Below are the records. Retype, exactly, the lines from the first through the line with "Produkt – Smalec", and leave out the pictures.

** Opening Source records block **

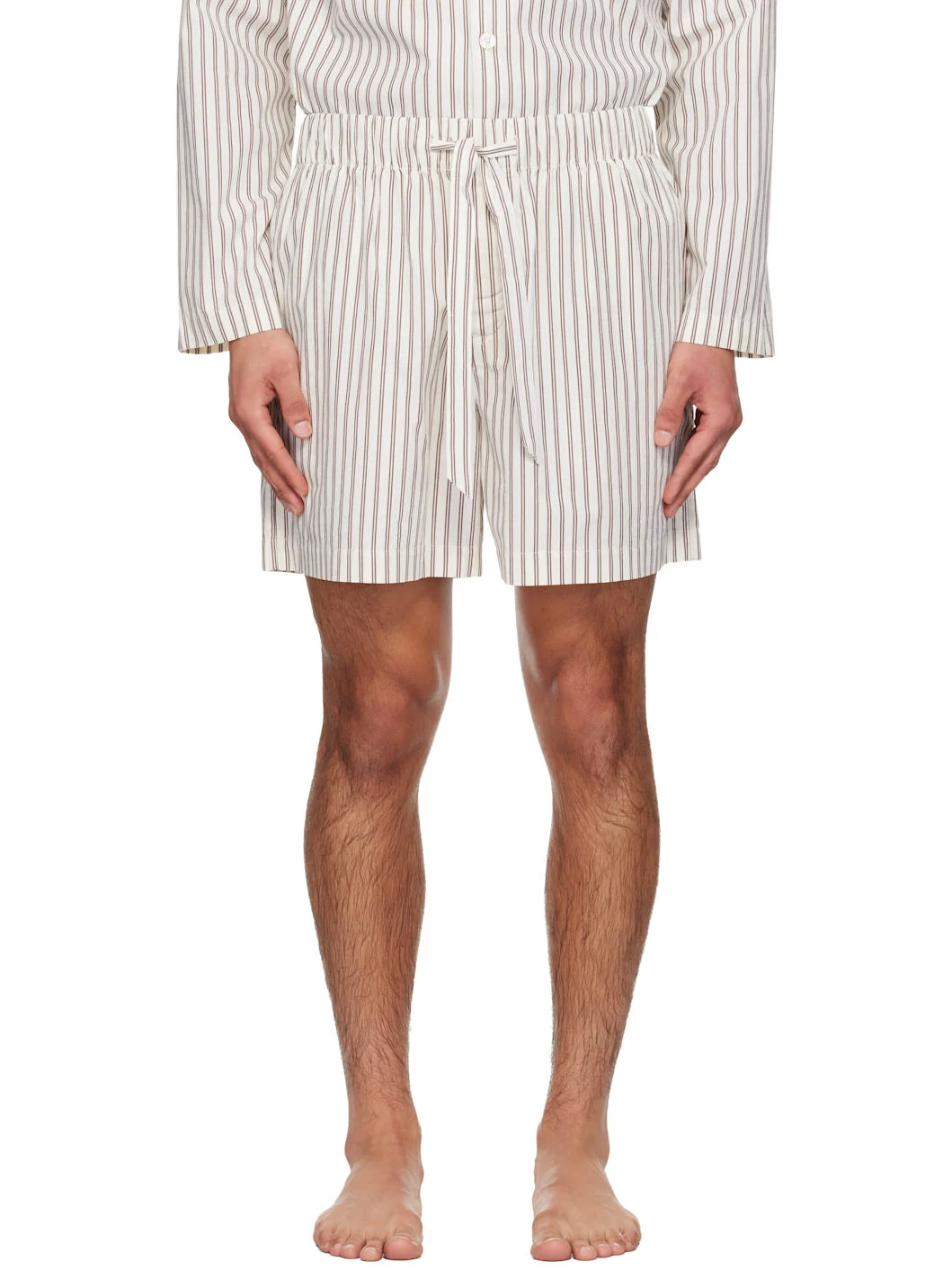 122 gsm organic cotton poplin pyjama shorts. · GOTS-certified organic cotton · Stripes throughout · Drawstring at elasticized waistband · Four-pocket styling · Button fly · Logo patch at back pocket Supplier color: Hopper stripes 100% organic cotton. Made in Portugal 261482M218014
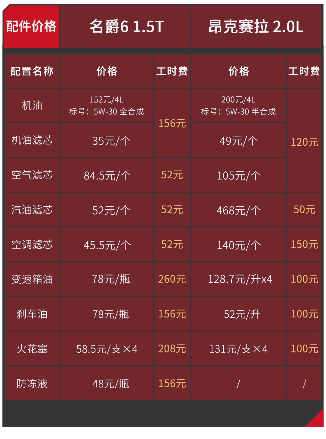 从上图可以看到,名爵6的各种损耗件价格并不高,都在一个合理的范围内。工时费最贵的是换变速箱油,不过53000公里才换一次的间隔设置合理。相比之下,昂克赛拉的配件就要昂贵不少,除了机油滤芯和刹车油外,其余配件的单价都超过100块。
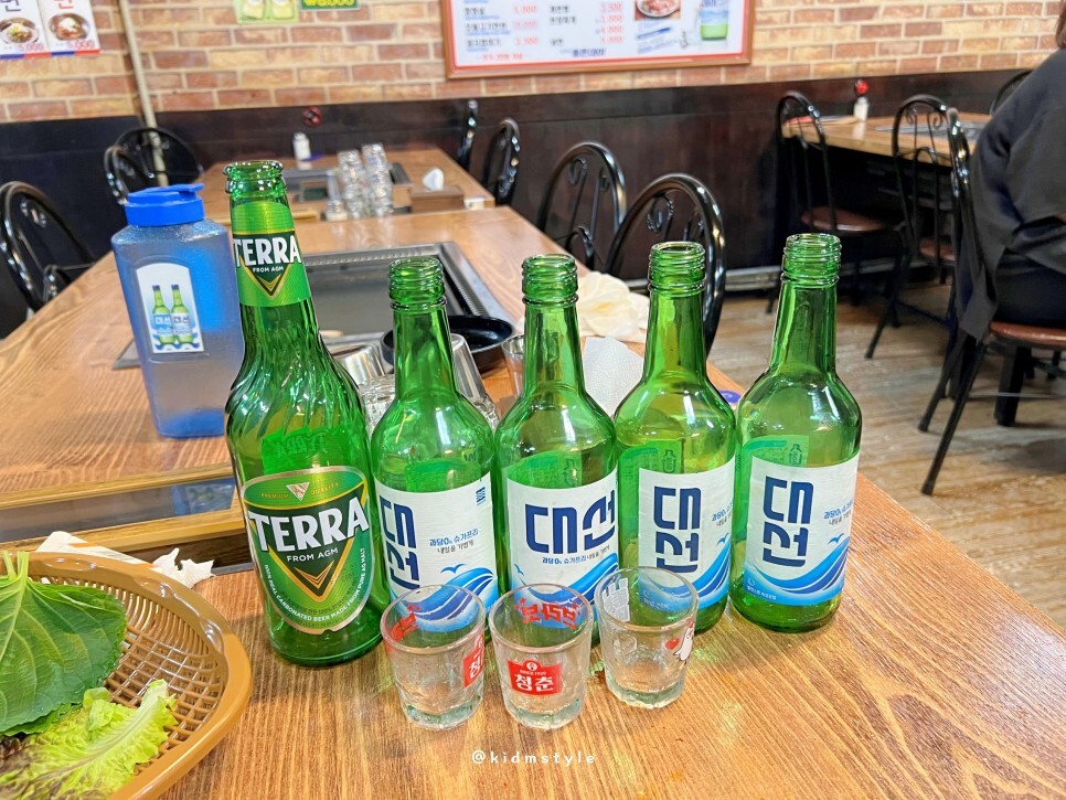 3명이 1차로 먹은 거. 생각 외로 술을 별로 안 먹었다. 이 멤버 보통 1차에 소주 7병 정도 마셔야 하는데. 그 말인즉슨 고기를 엄청나게 먹었다는 소리. 대패 흡입하고 기분 좋게 마무리한다.
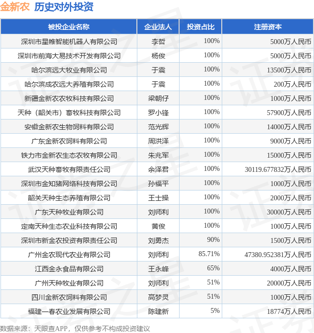 证券之星消息,根据天眼查APP显示,金新农(002548.SZ)新增一起对外投资事件,被投资公司为深圳市星帷智能机器人有限公司,法定代表人李哲,投资占比为100%。该公司从事计算机、通信和其他电子设备制造业,注册资本为5000万人民币。目前,金新农共存在对外投资22项,投资占比前20的项目见下表:
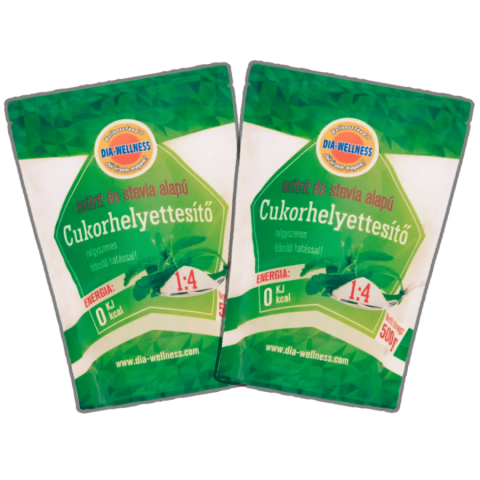 A Dia-Wellness DUO cukorhelyettesítő 2x500 g egy 6 kalóriatartalmú édesítőszer, amely négyszer erősebb, mint a cukor. Ideális választás cukorbetegek számára, hiszen nem okoz akkora vércukorkilengést. Emellett elfelejthetjük a fogszuvasodást is, hiszen mivel nem hagyományos cukorról van szó, így nem okoz problémát.
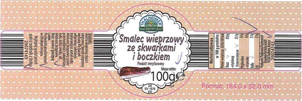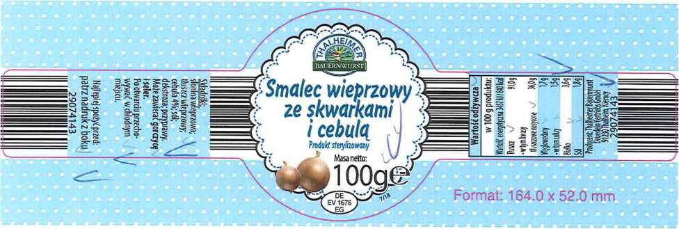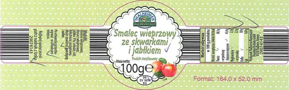 Produkt – Smalec „Thalheimer Bauernwurst” 100 g, smak: klasyczny, jabłkowy, cebulowy, ziołowy, bekonowy
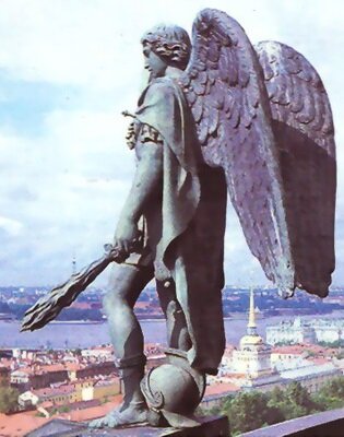 Хотите увидеть настоящего Орка, а не придуманного западными писателями. Вот он перед вами стоит в Петербурге в «римской» военной амуниции в накинутом длинном плаще (признак знатности) на самой высокой точке собора с ПЛАМЕННЫМ МЕЧОМ-ХрисаОРОМ в руке и поднятым вверх коротким мечом (скифским). Пламенный Меч у него опущен и значит- древняя война закончена. Шлем тоже снят и лежит рядом у ноги. На груди небольшой «крестик». Это покровитель Севера России Архангел Уриил (см. «Ящик Пандоры. Архангел Уриил и город Архангельск»). Великий Оружейник и Воин, Вождь народов. И это реальная историческая личность- победитель в Войне Богов. Он обладал неким непобедимым оружием Ором, вместо лезвия у которого было пламя-ор. Оно от богов. От Ора произошло слово «оружие» (версия автора).

** Closing Source records block **

Task response>
 122 gsm organic cotton poplin pyjama shorts. · GOTS-certified organic cotton · Stripes throughout · Drawstring at elasticized waistband · Four-pocket styling · Button fly · Logo patch at back pocket Supplier color: Hopper stripes 100% organic cotton. Made in Portugal 261482M218014
 从上图可以看到,名爵6的各种损耗件价格并不高,都在一个合理的范围内。工时费最贵的是换变速箱油,不过53000公里才换一次的间隔设置合理。相比之下,昂克赛拉的配件就要昂贵不少,除了机油滤芯和刹车油外,其余配件的单价都超过100块。
 3명이 1차로 먹은 거. 생각 외로 술을 별로 안 먹었다. 이 멤버 보통 1차에 소주 7병 정도 마셔야 하는데. 그 말인즉슨 고기를 엄청나게 먹었다는 소리. 대패 흡입하고 기분 좋게 마무리한다.
 证券之星消息,根据天眼查APP显示,金新农(002548.SZ)新增一起对外投资事件,被投资公司为深圳市星帷智能机器人有限公司,法定代表人李哲,投资占比为100%。该公司从事计算机、通信和其他电子设备制造业,注册资本为5000万人民币。目前,金新农共存在对外投资22项,投资占比前20的项目见下表:
 A Dia-Wellness DUO cukorhelyettesítő 2x500 g egy 6 kalóriatartalmú édesítőszer, amely négyszer erősebb, mint a cukor. Ideális választás cukorbetegek számára, hiszen nem okoz akkora vércukorkilengést. Emellett elfelejthetjük a fogszuvasodást is, hiszen mivel nem hagyományos cukorról van szó, így nem okoz problémát.
 Produkt – Smalec „Thalheimer Bauernwurst” 100 g, smak: klasyczny, jabłkowy, cebulowy, ziołowy, bekonowy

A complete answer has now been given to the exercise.